Exercise:
Write the listing below out again exactly, dropping the images.

------ Extracted material

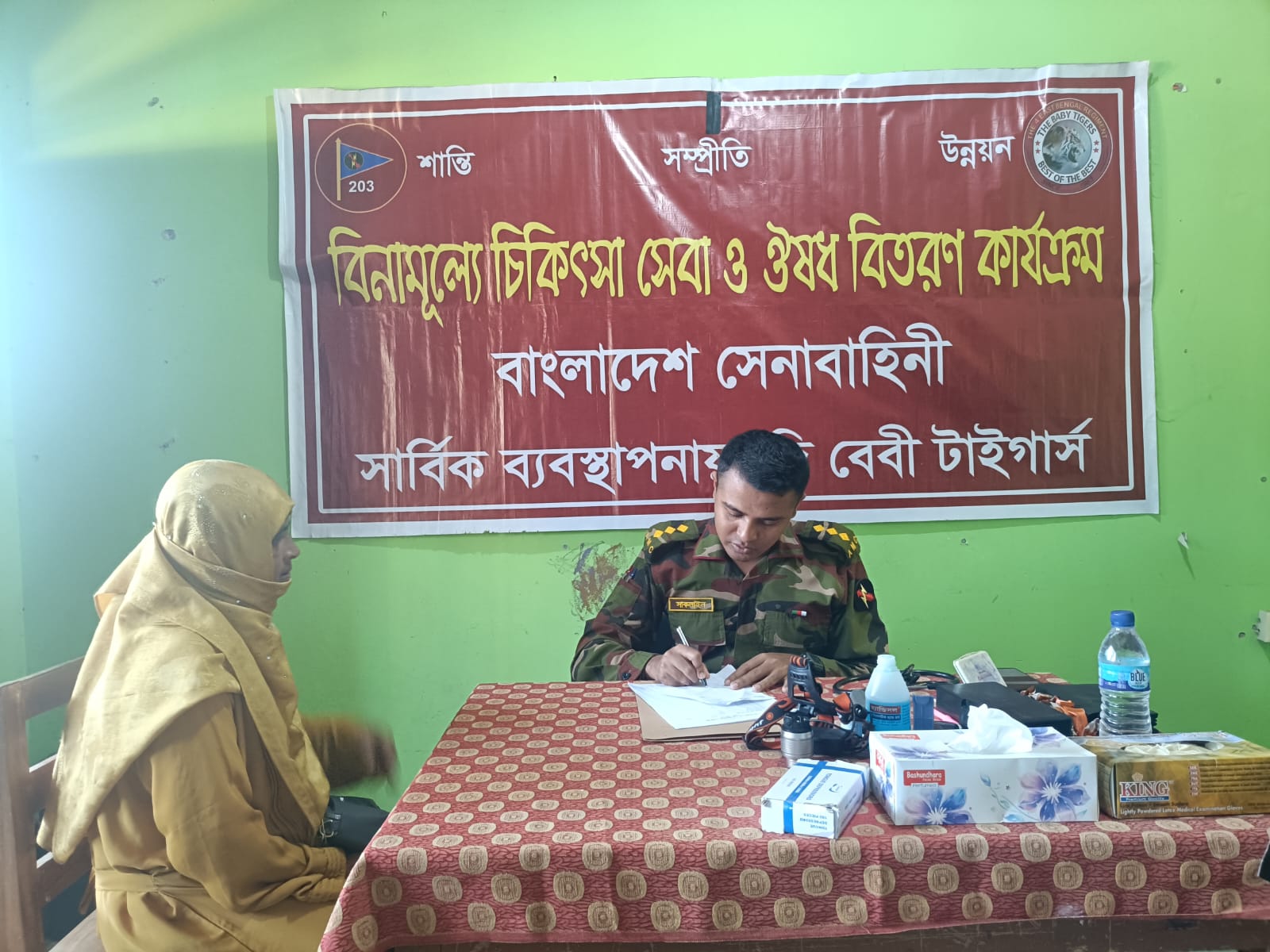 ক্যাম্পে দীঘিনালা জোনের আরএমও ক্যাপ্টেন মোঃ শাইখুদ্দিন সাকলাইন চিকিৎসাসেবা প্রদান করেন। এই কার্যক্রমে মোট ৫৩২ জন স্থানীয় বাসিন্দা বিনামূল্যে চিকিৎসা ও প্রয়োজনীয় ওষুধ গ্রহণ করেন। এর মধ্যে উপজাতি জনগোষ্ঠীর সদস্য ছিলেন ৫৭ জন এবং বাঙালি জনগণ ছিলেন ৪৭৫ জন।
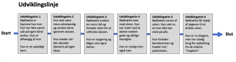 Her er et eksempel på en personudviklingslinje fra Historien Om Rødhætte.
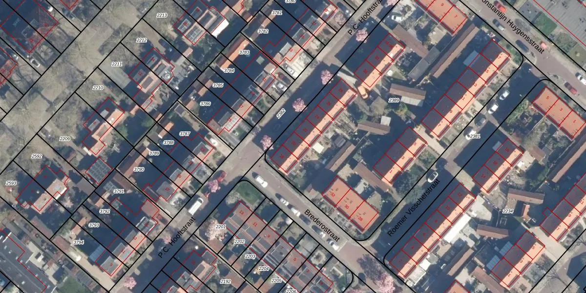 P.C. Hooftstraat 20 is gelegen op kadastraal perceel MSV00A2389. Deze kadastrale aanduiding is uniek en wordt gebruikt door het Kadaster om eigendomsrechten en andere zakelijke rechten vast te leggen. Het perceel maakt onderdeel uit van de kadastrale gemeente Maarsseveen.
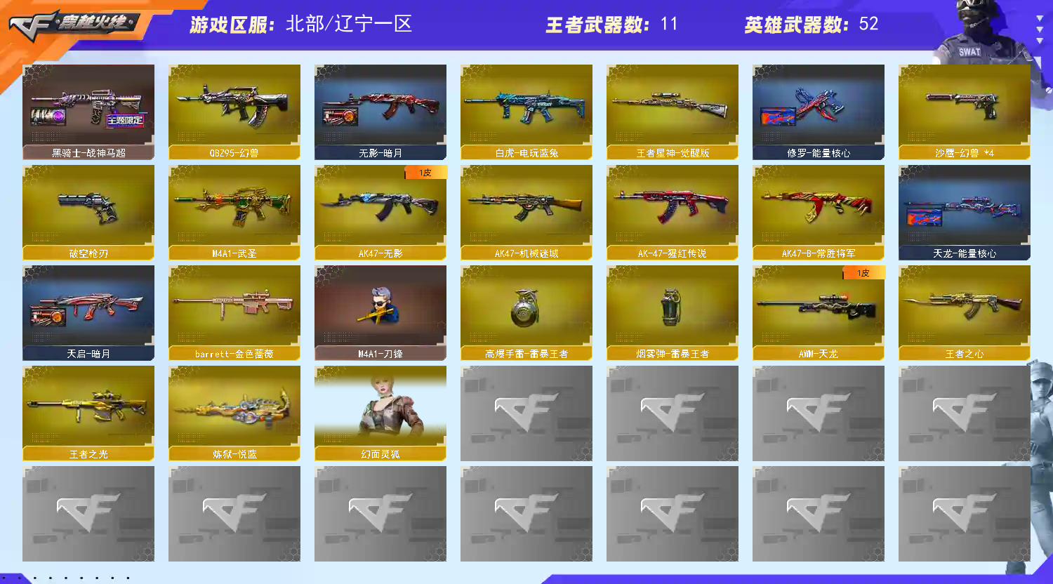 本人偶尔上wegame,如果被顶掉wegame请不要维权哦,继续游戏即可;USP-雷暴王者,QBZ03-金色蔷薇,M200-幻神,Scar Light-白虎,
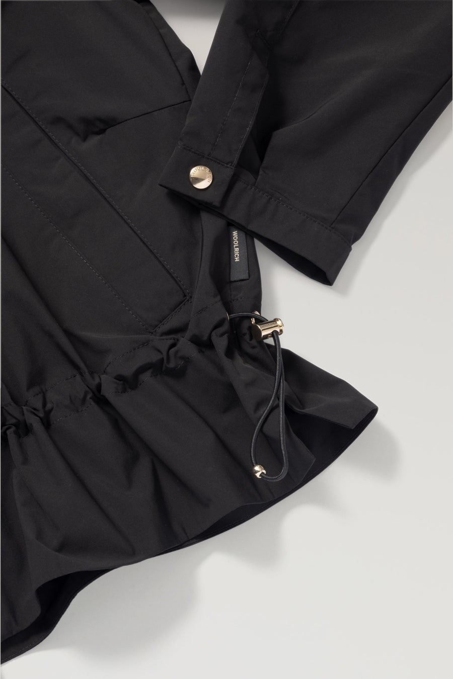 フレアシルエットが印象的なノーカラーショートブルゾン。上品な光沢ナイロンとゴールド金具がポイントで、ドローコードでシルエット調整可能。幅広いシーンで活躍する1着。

------------

Solution to the problem:
 ক্যাম্পে দীঘিনালা জোনের আরএমও ক্যাপ্টেন মোঃ শাইখুদ্দিন সাকলাইন চিকিৎসাসেবা প্রদান করেন। এই কার্যক্রমে মোট ৫৩২ জন স্থানীয় বাসিন্দা বিনামূল্যে চিকিৎসা ও প্রয়োজনীয় ওষুধ গ্রহণ করেন। এর মধ্যে উপজাতি জনগোষ্ঠীর সদস্য ছিলেন ৫৭ জন এবং বাঙালি জনগণ ছিলেন ৪৭৫ জন।
 Her er et eksempel på en personudviklingslinje fra Historien Om Rødhætte.
 P.C. Hooftstraat 20 is gelegen op kadastraal perceel MSV00A2389. Deze kadastrale aanduiding is uniek en wordt gebruikt door het Kadaster om eigendomsrechten en andere zakelijke rechten vast te leggen. Het perceel maakt onderdeel uit van de kadastrale gemeente Maarsseveen.
 本人偶尔上wegame,如果被顶掉wegame请不要维权哦,继续游戏即可;USP-雷暴王者,QBZ03-金色蔷薇,M200-幻神,Scar Light-白虎,
 フレアシルエットが印象的なノーカラーショートブルゾン。上品な光沢ナイロンとゴールド金具がポイントで、ドローコードでシルエット調整可能。幅広いシーンで活躍する1着。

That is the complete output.